What does the company do?
Condor Gold PLC (LON:CNR) is a specialist gold exploration and development company run by seasoned mining professional Mark Child. Also on the boar are serial entrepreneurs Jim Mellon and Ian Stalker, who both bring a wealth of industry connections and expertise.
What does it own?
Condor’s principal asset is the La India gold project in Nicaragua, which has an existing resource totalling 2.3mln ounces of gold. Of that nearly 700,000 ounces has been modelled as open-pittable.
The company also owns the Estrella, Rio Luno and Potrerillos gold projects, also in Nicaragua.
How it is doing
The quarter to 31 March ended with £1.73mln in the bank.
During the quarter the company announced an extension to the permitting at its La India gold project in Nicaragua.
It also held public consultations in the local community as part of the environmental permitting process for the development and extraction of gold from the Mestiza and America open pits. Subsequently, plans for a high-grade mini-open pit mining scenario were revealed.
Post period end, Condor was awarded an environmental permit for the Mestiza open pit and the America open pit.

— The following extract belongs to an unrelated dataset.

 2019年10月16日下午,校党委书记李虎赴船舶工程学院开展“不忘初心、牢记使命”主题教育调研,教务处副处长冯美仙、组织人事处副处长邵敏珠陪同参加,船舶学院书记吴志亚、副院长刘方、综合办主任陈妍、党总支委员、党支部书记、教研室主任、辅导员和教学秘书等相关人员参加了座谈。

What the boss says: Mark Child, chief executive
“During the first quarter 2020, Condor continued to de-risk La India Project and demonstrate a clear route to production.”

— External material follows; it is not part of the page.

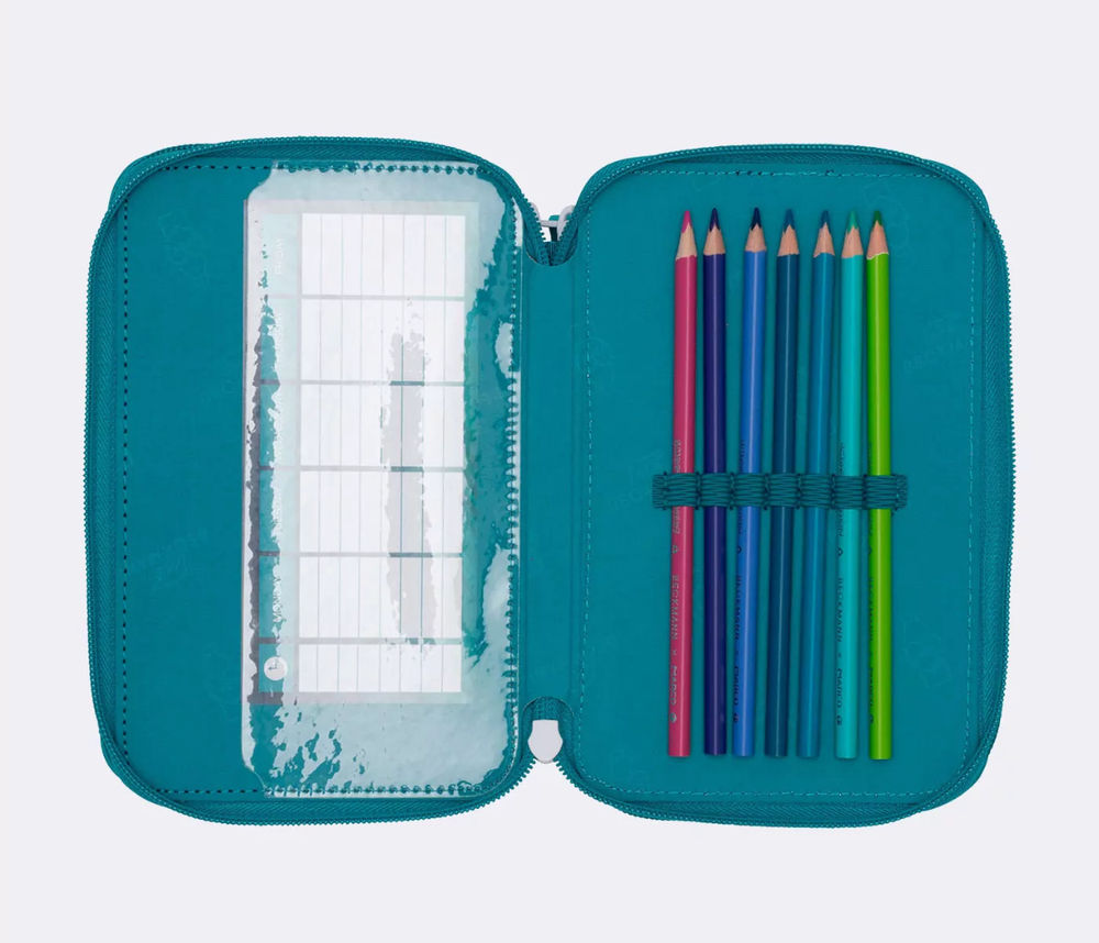 Pennalet er fullt av overraskelser, og inneholder selvfølgelig alt du trenger til skolen og leksene. Blyanter og fargestifter laget av FSC-sertifisert tre.

“The company has been working on the engineering and other technical studies required ahead of a construction decision and acquiring land for the mine site infrastructure.”
“A high-grade mining dilution scenario study was completed, which supports a smaller, 1,000 tonnes per day processing plant capable of producing approximately 50,000 ounces of gold per year.”

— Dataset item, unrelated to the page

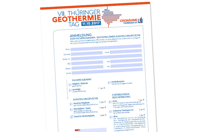 Interaktives Anmeldeformular für den VII. Thüringer Erdwärmetag des Erdwärme Thüringen e. V.
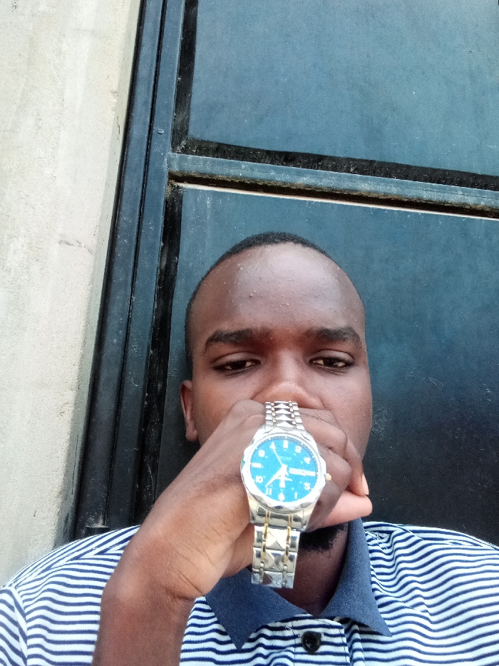 A male individual with dark skin and short dark hair is depicted from the chest up, facing the camera directly. He wears a striped polo shirt with horizontal white and dark blue bands and a solid dark blue collar with two visible black buttons. His left hand is raised, holding a silver-colored metal wrist watch with a linked band. The watch features a bright blue face with white hour markers and three white hands, and minor gold-colored accents are visible on its case. The watch is positioned directly in front of the subject's mouth and lower nose, obscuring these facial features. The background to the left consists of a light-colored, textured wall. To the right and behind the individual, a dark-colored, multi-paneled structure, resembling a metal door or window frame, is visible. The scene is located in Mtopanga ward, Kenya.

What do the brokers think?
“Condor Gold is giving careful consideration to the effective management of mine dilution on the development of La India and the associated satellite deposits,” SP Angel said in a morning note released on 4 March 2020.
“This work should inform a future production decision and we look forward to the production schedule which arises from this work. The possibility of reduced pre-production capital costs as a result of starting with a small plant or using nearby toll-milling should prove beneficial to the economics of the project.”